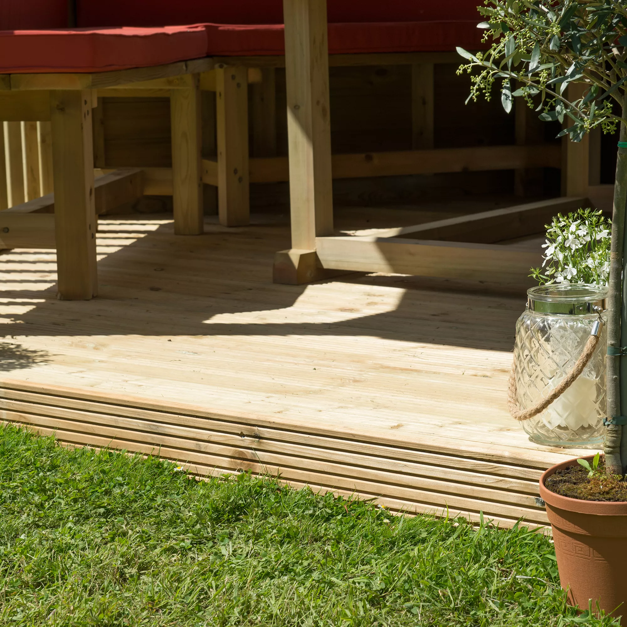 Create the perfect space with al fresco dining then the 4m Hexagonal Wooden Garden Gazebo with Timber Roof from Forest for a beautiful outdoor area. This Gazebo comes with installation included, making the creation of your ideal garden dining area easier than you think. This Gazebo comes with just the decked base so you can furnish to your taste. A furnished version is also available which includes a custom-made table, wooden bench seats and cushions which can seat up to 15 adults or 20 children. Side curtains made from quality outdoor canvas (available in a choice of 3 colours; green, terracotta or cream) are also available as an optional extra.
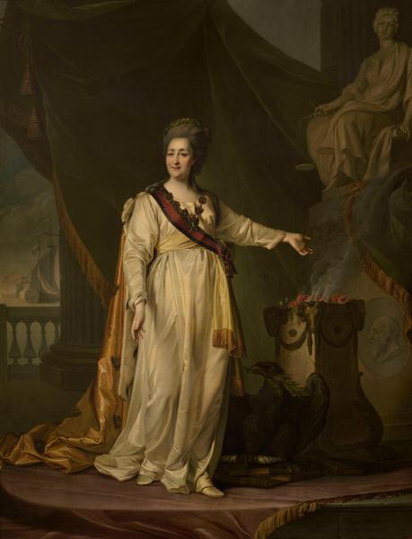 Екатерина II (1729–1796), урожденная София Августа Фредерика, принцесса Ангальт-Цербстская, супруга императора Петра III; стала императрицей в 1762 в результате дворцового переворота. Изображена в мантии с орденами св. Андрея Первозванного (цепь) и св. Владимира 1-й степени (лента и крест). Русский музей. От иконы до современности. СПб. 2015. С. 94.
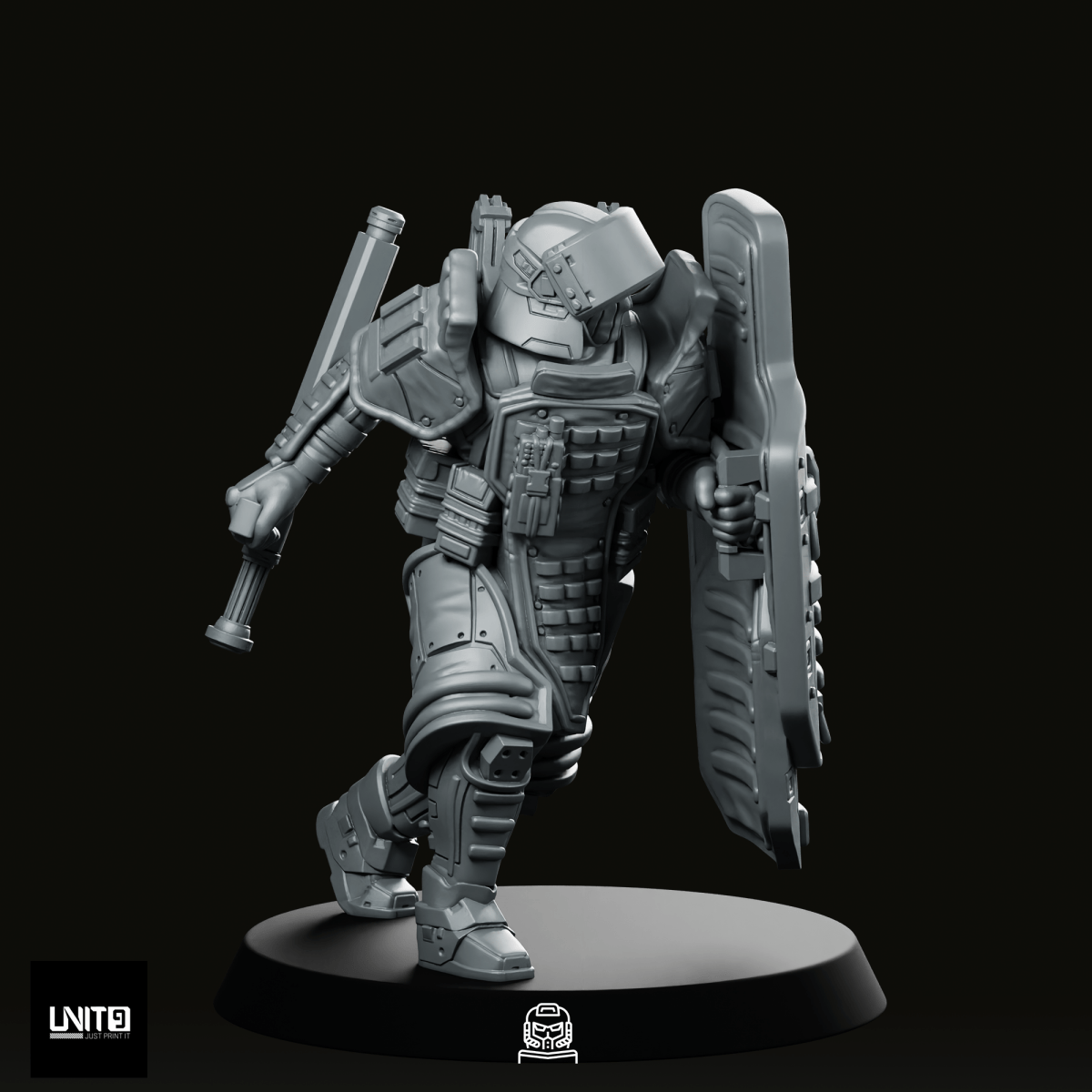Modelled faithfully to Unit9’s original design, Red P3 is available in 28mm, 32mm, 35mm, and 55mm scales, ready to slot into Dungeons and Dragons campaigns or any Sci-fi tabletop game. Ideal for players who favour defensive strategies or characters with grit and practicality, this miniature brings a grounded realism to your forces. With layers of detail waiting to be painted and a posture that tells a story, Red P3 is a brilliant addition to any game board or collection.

...

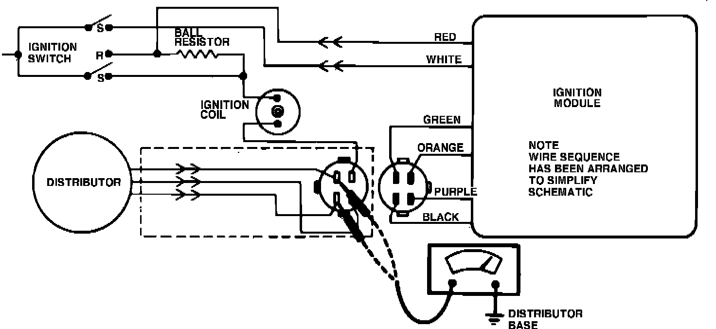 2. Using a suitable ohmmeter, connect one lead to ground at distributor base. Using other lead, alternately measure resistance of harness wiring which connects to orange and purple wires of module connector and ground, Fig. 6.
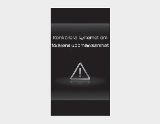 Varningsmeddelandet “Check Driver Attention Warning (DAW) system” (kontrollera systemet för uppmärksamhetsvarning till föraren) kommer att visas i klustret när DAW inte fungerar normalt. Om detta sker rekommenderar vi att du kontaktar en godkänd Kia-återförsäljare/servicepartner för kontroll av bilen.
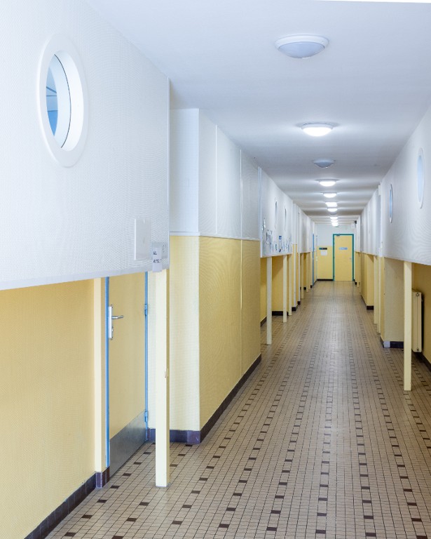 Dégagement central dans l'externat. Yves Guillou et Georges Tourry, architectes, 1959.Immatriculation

The problem —
Here the job is to copy the stretch of records from the line containing "kontroll av bilen." through the line containing "Dégagement central dans", word for word. Leave every picture out.

Solution below —
 Varningsmeddelandet “Check Driver Attention Warning (DAW) system” (kontrollera systemet för uppmärksamhetsvarning till föraren) kommer att visas i klustret när DAW inte fungerar normalt. Om detta sker rekommenderar vi att du kontaktar en godkänd Kia-återförsäljare/servicepartner för kontroll av bilen.
 Dégagement central dans l'externat. Yves Guillou et Georges Tourry, architectes, 1959.Immatriculation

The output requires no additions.